[Exercise materials — start]

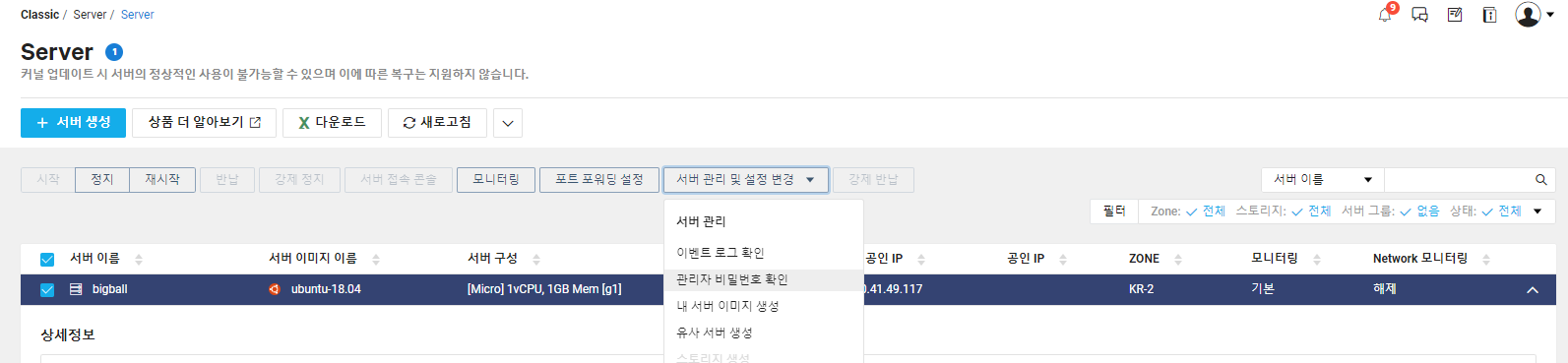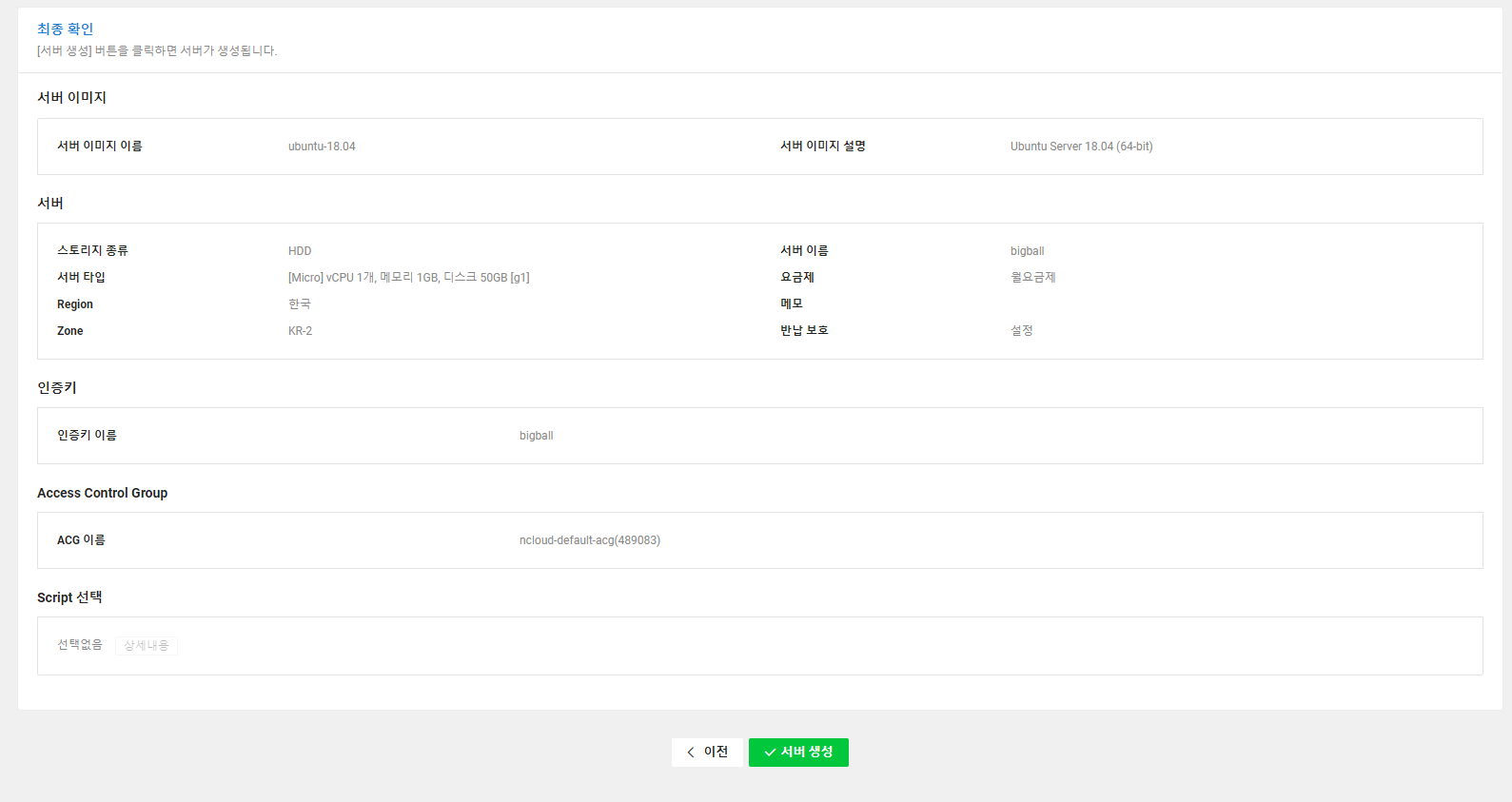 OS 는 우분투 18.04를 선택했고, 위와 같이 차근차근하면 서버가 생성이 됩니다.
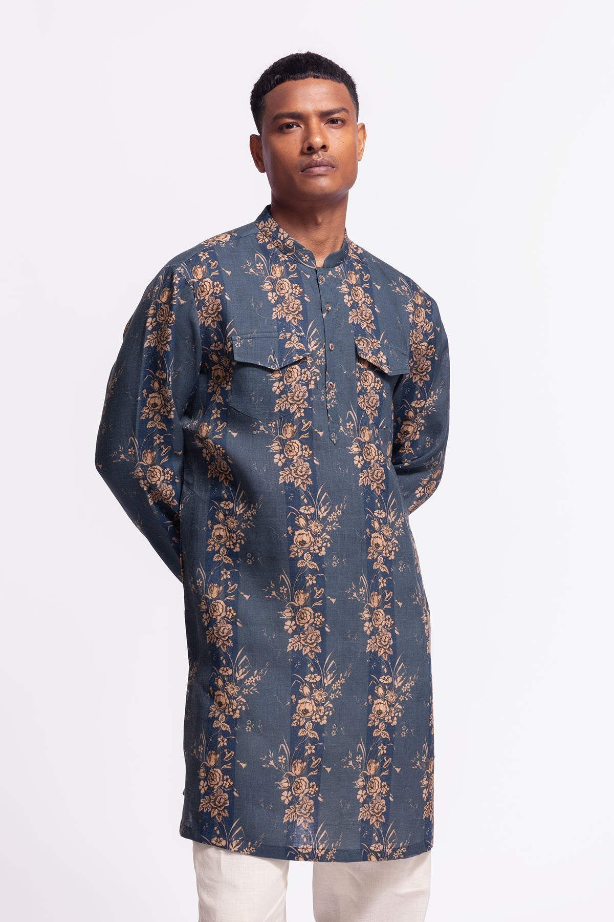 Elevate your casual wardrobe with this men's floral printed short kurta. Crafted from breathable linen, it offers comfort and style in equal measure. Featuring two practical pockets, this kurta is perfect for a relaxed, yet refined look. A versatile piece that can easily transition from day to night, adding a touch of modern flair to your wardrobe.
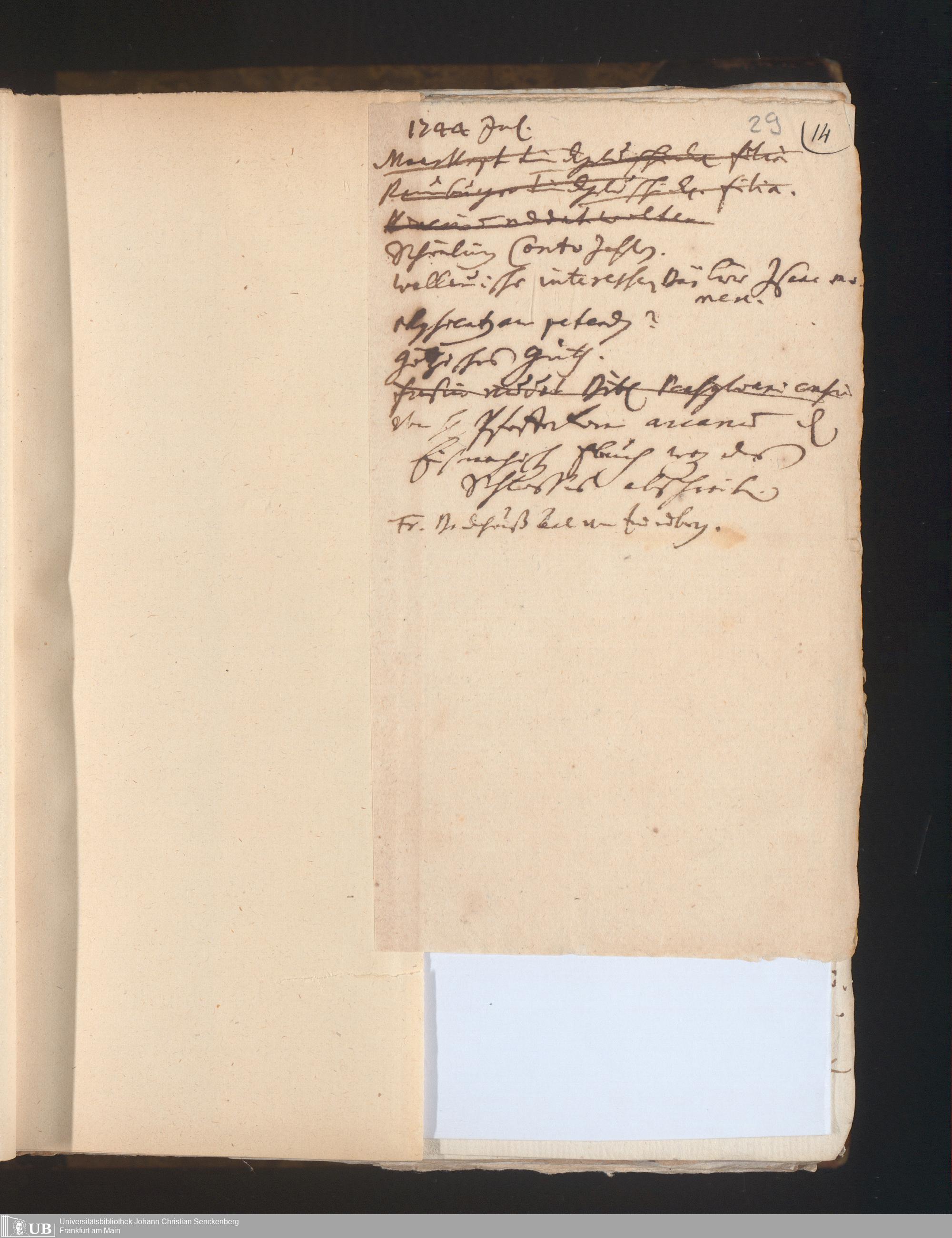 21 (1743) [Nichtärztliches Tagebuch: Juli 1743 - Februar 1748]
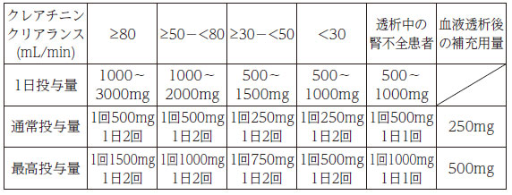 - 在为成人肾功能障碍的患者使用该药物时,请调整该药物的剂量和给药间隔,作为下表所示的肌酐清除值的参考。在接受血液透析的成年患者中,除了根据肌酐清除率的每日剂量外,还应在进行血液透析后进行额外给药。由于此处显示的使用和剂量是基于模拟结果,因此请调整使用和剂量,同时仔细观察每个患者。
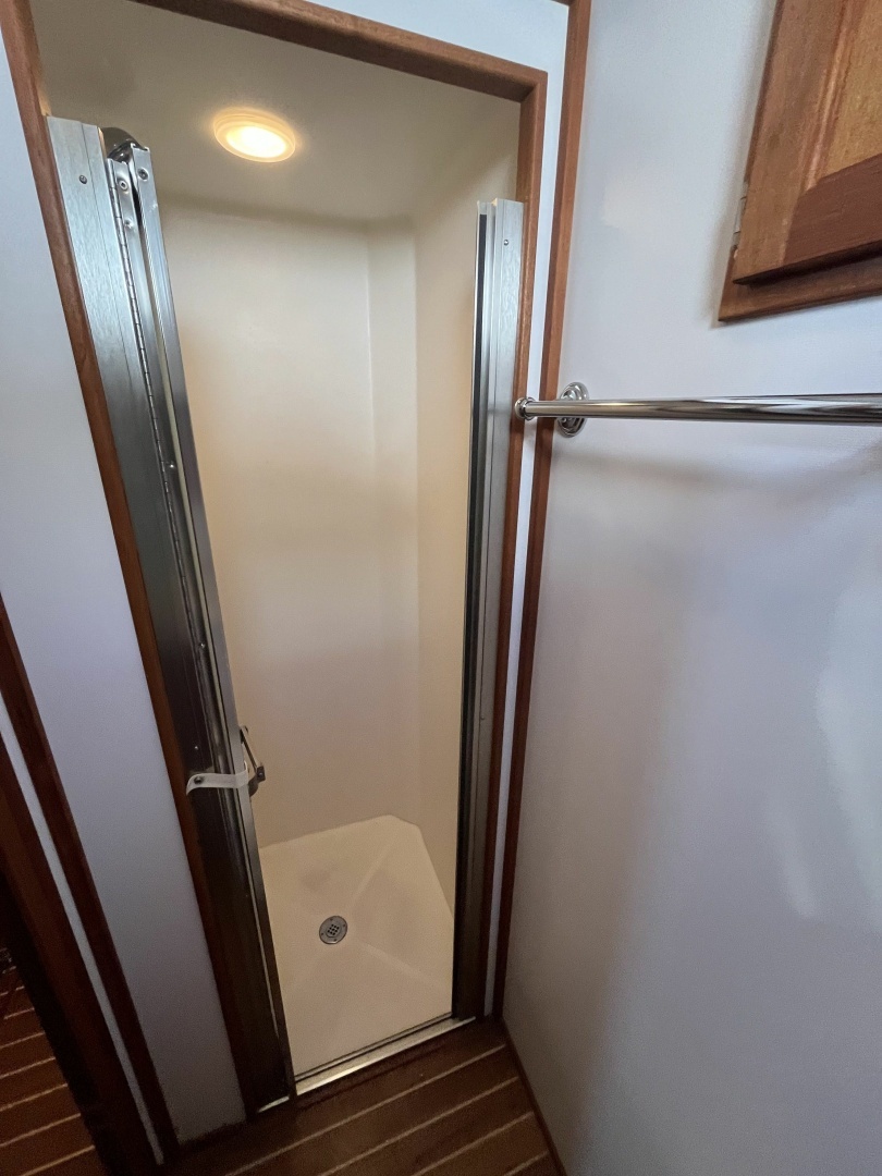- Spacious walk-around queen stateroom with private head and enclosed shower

[Exercise materials — finish]

Skip the pictures. Write out exactly the lines from the one with "- 在为成人肾功能障碍的患者" through the last line of the listing, both ends included, and nothing more.

### Solution for this problem:
 - 在为成人肾功能障碍的患者使用该药物时,请调整该药物的剂量和给药间隔,作为下表所示的肌酐清除值的参考。在接受血液透析的成年患者中,除了根据肌酐清除率的每日剂量外,还应在进行血液透析后进行额外给药。由于此处显示的使用和剂量是基于模拟结果,因此请调整使用和剂量,同时仔细观察每个患者。
- Spacious walk-around queen stateroom with private head and enclosed shower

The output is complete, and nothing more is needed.